EXERCISE REQUIREMENTS: The task calls for every entry to be printed word for word, without the images.

[Dataset excerpts]
►

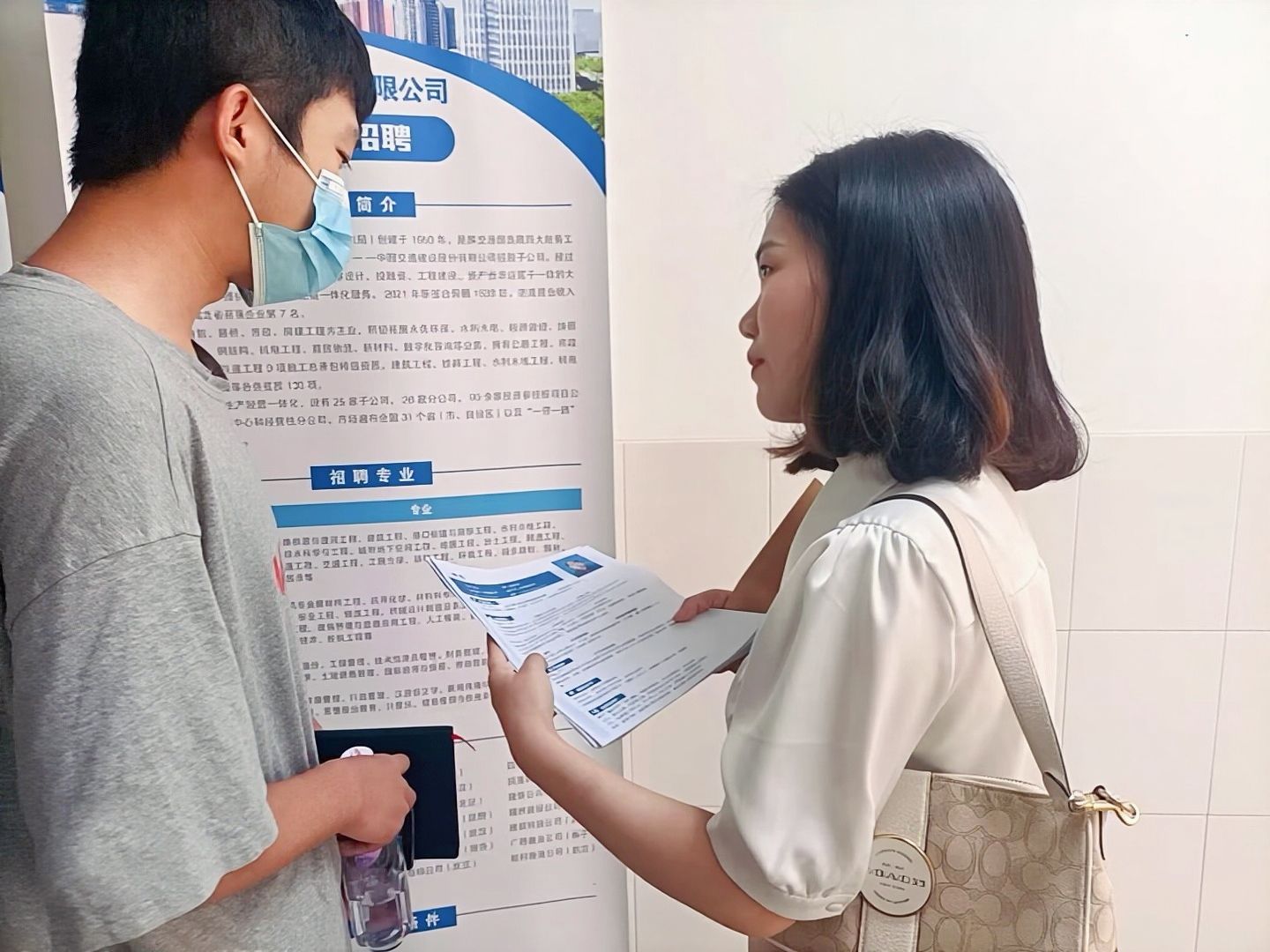 李敏(右)指导学生修改简历
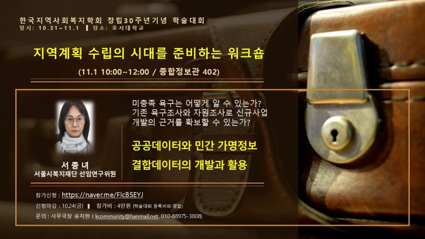한국지역사회복지학회 30주년 기념 추계학술대회 워크숍 안내
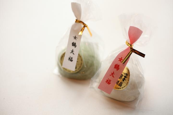 収穫量も少なく栽培しにくい品種のため、農家が激減。品種改良を重ねて「女鶴」を復活させた。「女鶴大福」(1個165円)
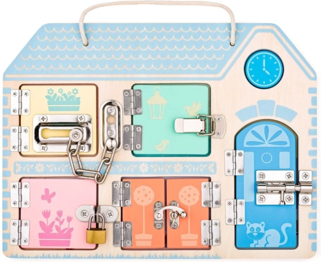 Tato motorická tabule je ideální hračkou pro děti od 3 let. Pomáhá rozvíjet jemnou motoriku a logické myšlení prostřednictvím interakce se zámky a zabezpečeními.
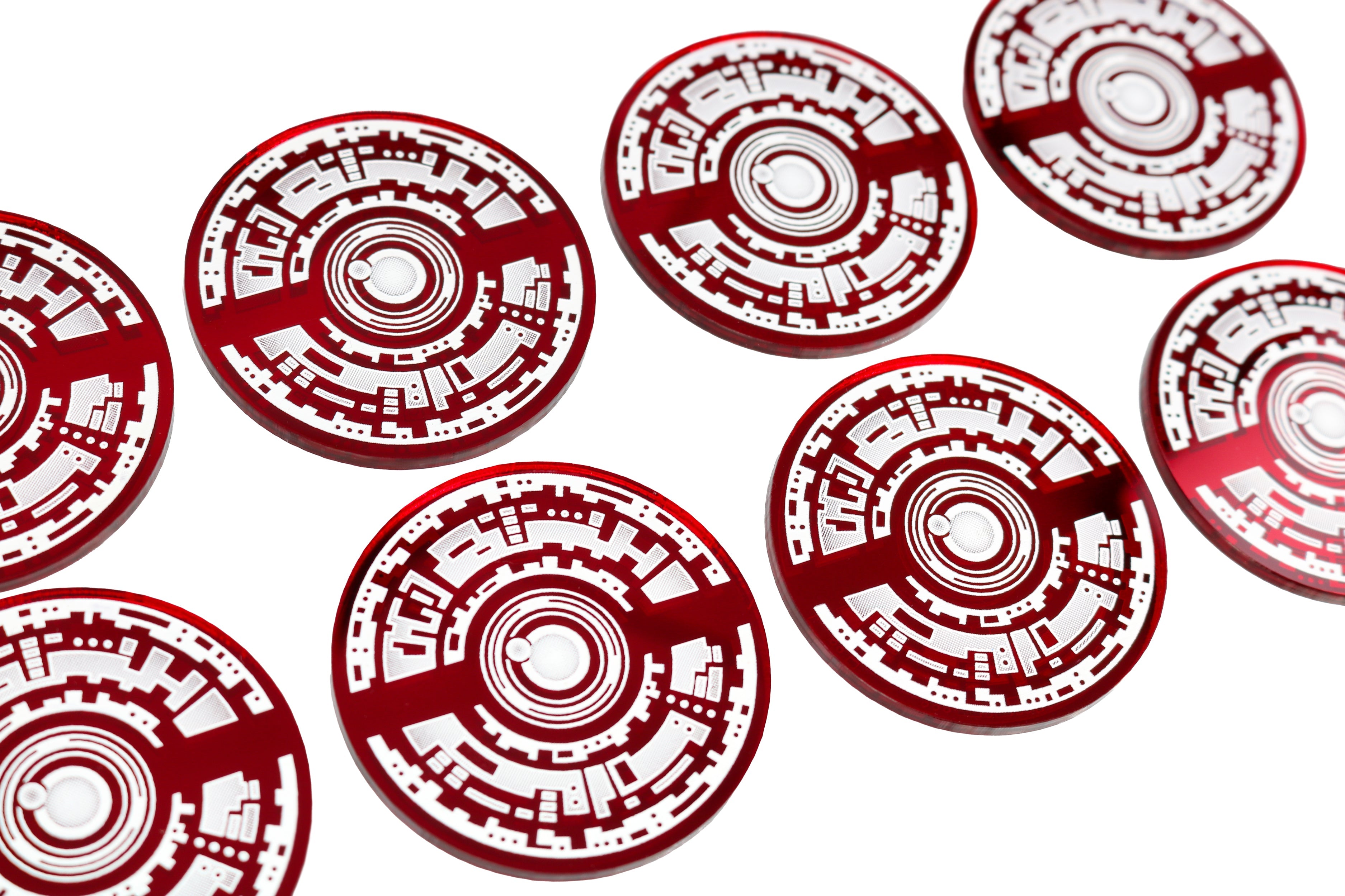 - 8x Objective Markers - Stunning red mirror acrylic with white detailing

◄

SOLUTION FOR THIS PROBLEM:
 李敏(右)指导学生修改简历
한국지역사회복지학회 30주년 기념 추계학술대회 워크숍 안내
 収穫量も少なく栽培しにくい品種のため、農家が激減。品種改良を重ねて「女鶴」を復活させた。「女鶴大福」(1個165円)
 Tato motorická tabule je ideální hračkou pro děti od 3 let. Pomáhá rozvíjet jemnou motoriku a logické myšlení prostřednictvím interakce se zámky a zabezpečeními.
 - 8x Objective Markers - Stunning red mirror acrylic with white detailing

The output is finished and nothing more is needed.